- Japanese Famicom box art by Noriyoshi Ohrai
- Developer: Konami
- Publishers: Konami Nintendo (arcade)
- Composer: Satoe Terashima
- Platforms: Famicom, arcade, Famicom Disk System, PC-8801, X1, MSX
- Release: February 21, 1986 FamicomJP: February 21, 1986; PC-8801, X1JP: October 23, 1986; MSXJP: October 23, 1986; EU: 1986; Arcade, PC-10NA: 1986; Famicom Disk SystemJP: April 8, 1988; ;
- Genre: Platform
- Mode: Single-player
- Arcade system: Nintendo VS. System, PlayChoice-10

= The Goonies (Famicom video game) =

1986 video game

 is a 1986 platform game developed and published by Konami for the Family Computer, based on the 1985 film of the same name.

==Gameplay==

===Player===
In the computer versions, the player plays as Sloth. In the Famicom and arcade versions, the main character is unnamed, only referred to as "Player" in the instruction manual.

===Controls===
The player defends himself with a kick, bombs (whose explosions are instantly fatal if he is hit), and a slingshot (found randomly behind doors). The player can find diamonds, restoring his life meter to full if he collects eight. He can also find upgrades that protect him against various hazards such as a firesuit that protects against flames and a set of earmuffs that protect against the music notes cast out by one of the Fratelli brothers.

===Stages===

Screenshot of the restaurant stage

In the computer versions, the entire game takes place exclusively in the caverns. The player goes through 25 interconnected and non-linear levels searching for the Goonies.
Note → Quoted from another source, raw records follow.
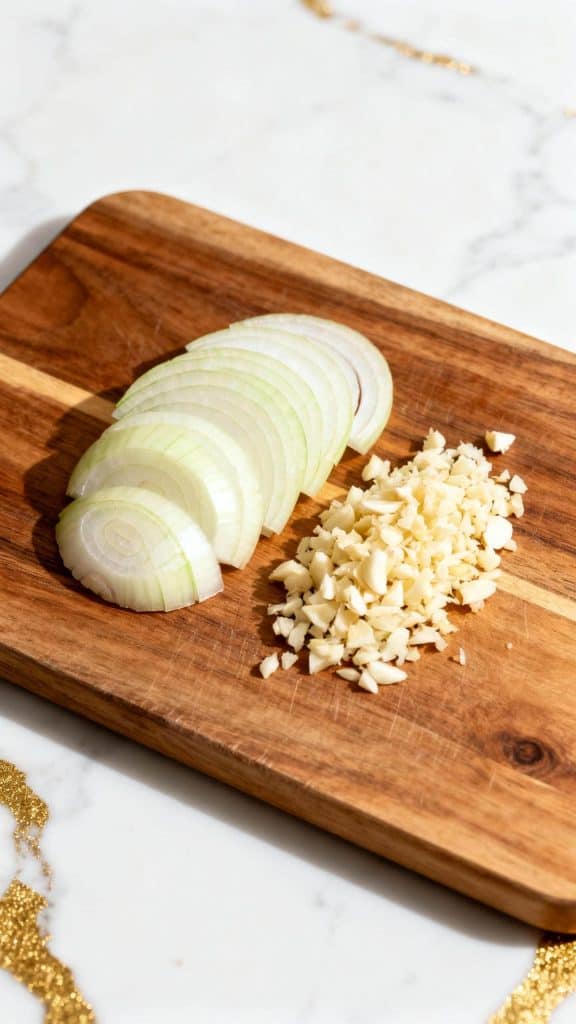 Thinly slice 1 small yellow onion and mince 3 cloves of garlic.
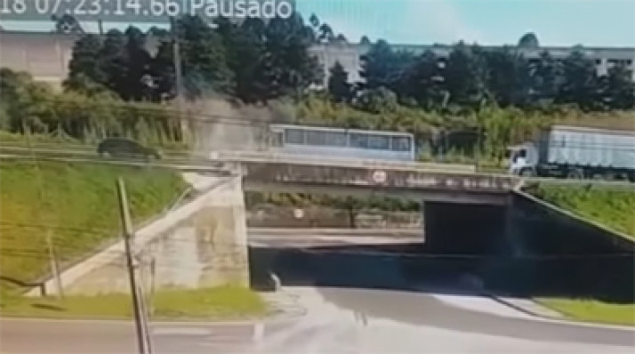 Câmera registra o momento que carro cai de viaduto em Araucária
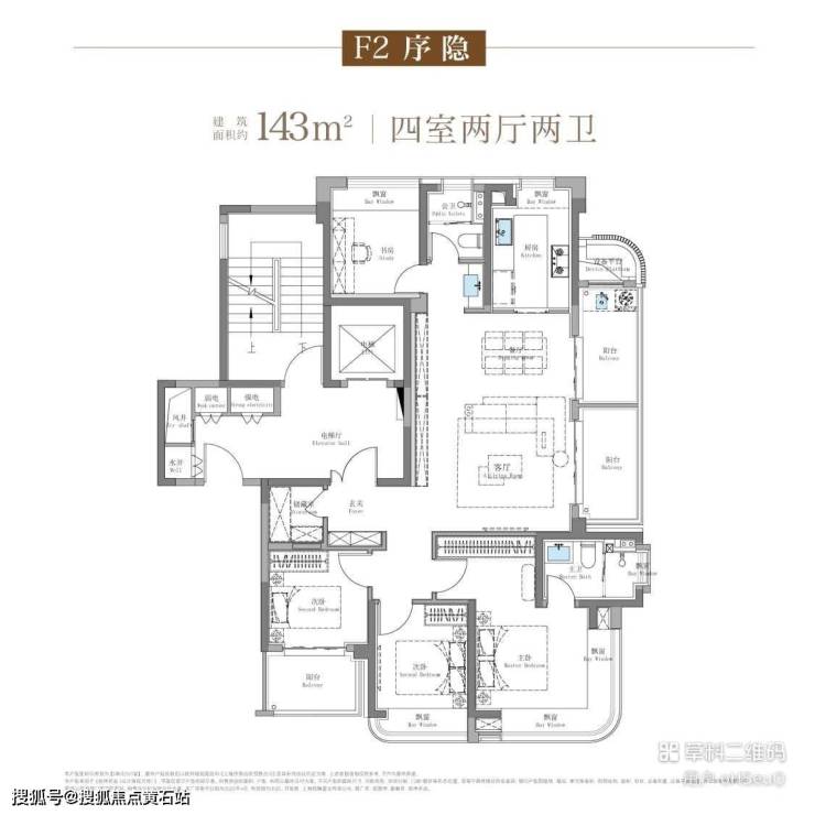 招商序143㎡ 四房两厅两卫 | LDKB一体化阔厅,南向+东侧环景采光,主卧270°飘窗尊享私密
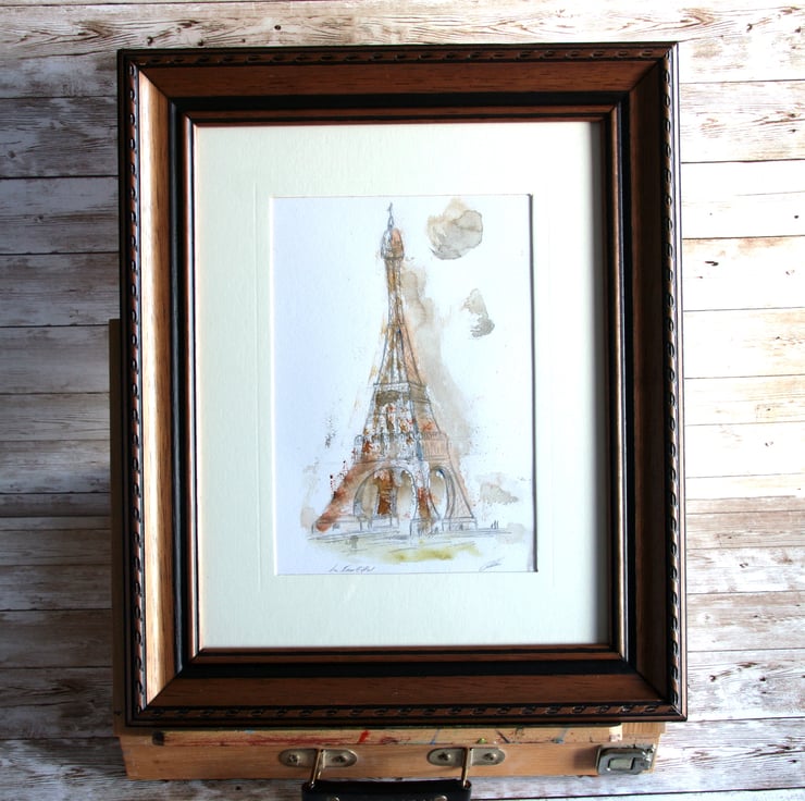 The Eiffel Tower Paris, Original pencil and watercolour
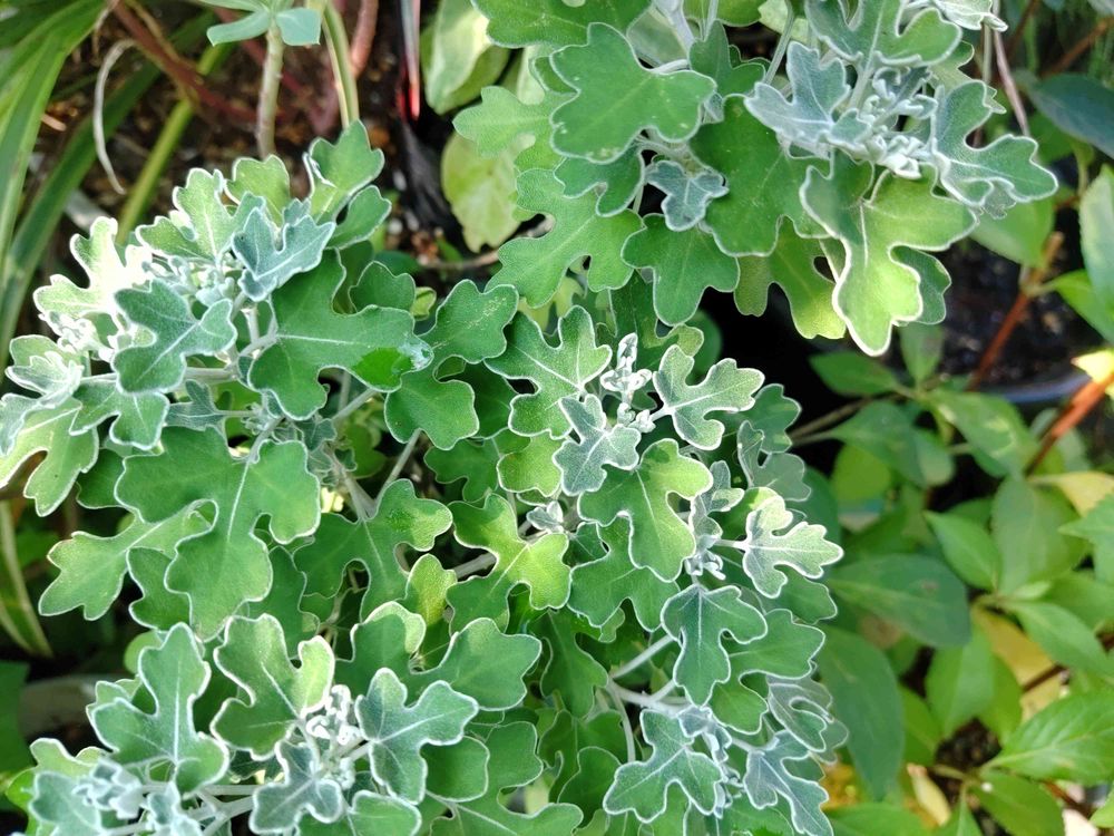 葉の裏に白い毛が生えているので、縁取りのように見えて涼しげです。

The Famicom version roughly follows the film, with stages resembling the restaurant, caverns and a pirate ship. The ending also recreates one scene from the film where the Goonies are on a beach watching The Inferno ship sail away. Throughout the journey, the player has to find three keys and one Goonie for each level. He does so by using bombs to blow open the doors concealing them. The player can advance to next level after finding the three keys, but in order to really "finish" the game, he must also free all the Goonies to access the game's final level (The Pirate Ship). Otherwise, the game will restart from the first level.

===Enemies===
An army of rats patrols the stages frequently. There are three kinds of rats: red, yellow, and white. Red ones need one hit with kick/slingshot, while the yellow ones need two. White rats take one hit like red, but drop a cross granting temporary invincibility. A Fratelli makes an appearance and attempts to attack the player by shooting at him and spreading music notes at him. The Fratellis cannot be killed, even by bombs; they can only be stunned. After a while, they will get up and continue chasing the player (if still on screen), but if they are stunned while jumping over a pit, they will fall into it.

==Development==
Konami also developed a completely different version for the MSX in Japan. First released on cartridge, it was later re-released in Disk System format in 1988. The game was ported to PC-88 and Sharp X-1. Although the game was never sold in retail in North America, Nintendo published an arcade port in North America for the VS. System (a coin-operated platform which runs on the same hardware as the NES) under the title VS. The Goonies and it was also available as a PlayChoice-10 title in the region.

The theme "The Goonies 'R' Good Enough" by Cyndi Lauper, featured in the beginning of the Famicom title and its sequel, was remixed by Tomoyuki Uchida for Pop n' Music 10, from Konami's Bemani Series. The theme retains its original 8-bit song from the NES with added drum and bass beats.

The three hidden items, Konami Man, Vic Viper (from the Gradius series), and TwinBee, would reappear in Castlevania: Portrait of Ruin, as well as in Order of Ecclesia. The in-game description for these items is "5,000 points", which is what the player receives by catching it before it disappears.

==Sequel==
A sequel was released titled The Goonies II, which saw a worldwide retail release in 1987.